A lot has changed since 2014. New careers, new relationships, new homes. What hasn’t changed is that when I’m sick, I’m the worst, which was reconfirmed to me earlier this month. As I helped the Kleenex company make their quarter, I realized I was the same ungrateful bastard I was in 2014 and at least once a year between then and 2020.

Honestly, I never care to admit how sick I actually am. Maybe it’s misguided machismo, the “don’t cry unless you’re hurt” mentality many of us grew up with. Maybe it’s a desire to buck what appears to be such a strong stereotype. Maybe - to borrow again from the last column - it's because we’re all stubborn, stupid and set in our ways (yes, all men)

And God forbid if it gets in the way of your plans. Let’s use the cold of Jan. 2018 as an example, where I had more snot and phlegm exiting my body than previously thought humanly possible. Did I go to work every day? Of course. Did I go to a random concert in Barrie? Absolutely. Did I do a day trip to Buffalo to get Sonic and American pizza kits? 100 per cent. Did I wear a mask at any time? Hard no.

Thanksgiving weekend 2022? I felt guilty leaving my living room.

Because, in a post-COVID-19 world, it’s hard to ignore your sniffles or coughing fits, particularly in the middle of a crowded room - if you can even, in good conscience, enter a crowded room. And when I say post-COVID-19 world, I mean it in the sense of how the world has changed since the start of the pandemic, not that the pandemic is over, as so many of us truly, desperately want it to be.

I’ve never been one of the “pandemic is over” people, usually saving such a comment for a sarcastic retort. That belief was punctuated for me the morning when I tested positive, ending my two-and-a-half-year streak of safety, sanitization and perhaps a certain bit of smugness.

The irony, of sorts, is that of the two days I showed symptoms with a negative test, the day I tested positive was, at that point, the most comfortable day of the weekend. I wish I could have smelled the Sweet Cinnamon Pumpkin three-wick that was lit, but at least I could still taste the Evan Williams.

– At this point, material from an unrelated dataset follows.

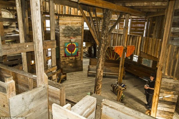 Fotografie z otevřených zdrojů Obrovský dřevěný dům obrovský o rozloze 10 000 metrů čtverečních (3 400 metrů čtverečních) Horace je velmi levný. Strávil jen 12 tisíc dolarů díky hospodárné použití materiálů a využití odpadu produkce. Uvnitř domu točitá schodiště, oltář, basketbal dětské hřiště a mnoho místností, chodby, průchody a balkony.

I was lucky. My symptoms subsided quickly, and regular testing showed a quick decrease in the thickness of the positive line, allowing normalcy to return within a week, once I tested negative.

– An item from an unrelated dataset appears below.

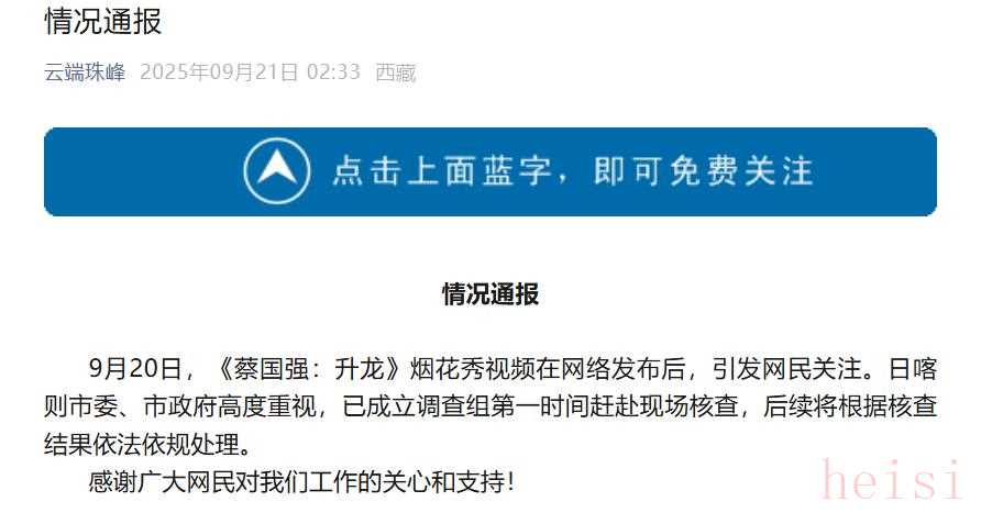 隨著事件不斷發(fā)酵,9月21日凌晨,日喀則市互聯(lián)網(wǎng)信息辦公室發(fā)布情況通報(bào)稱,日喀則市委、市政府高度重視,已成立調(diào)查組第一時(shí)間趕赴現(xiàn)場(chǎng)核查,后續(xù)將根據(jù)核查結(jié)果依法依規(guī)處理。

Others haven’t been as lucky, and that’s why you’ll never hear me refer to my case as mild. I don’t believe there’s anything mild about a virus that can strike literally anyone with such ferocity and variability.  

I also have no doubt that being vigilant with vaccination made this a better experience for me. If I wasn’t vaccinated and hadn’t taken the advice of medical professionals and legitimate scientists, it could have been significantly worse.

And in the hopes of it not happening again, I’m going to keep being as cautious as I have been when out in public. Because, as annoying as it was to be straddled with moderate discomfort, it sure beat being strapped to a hospital bed.

Even an ungrateful bastard can call that a win.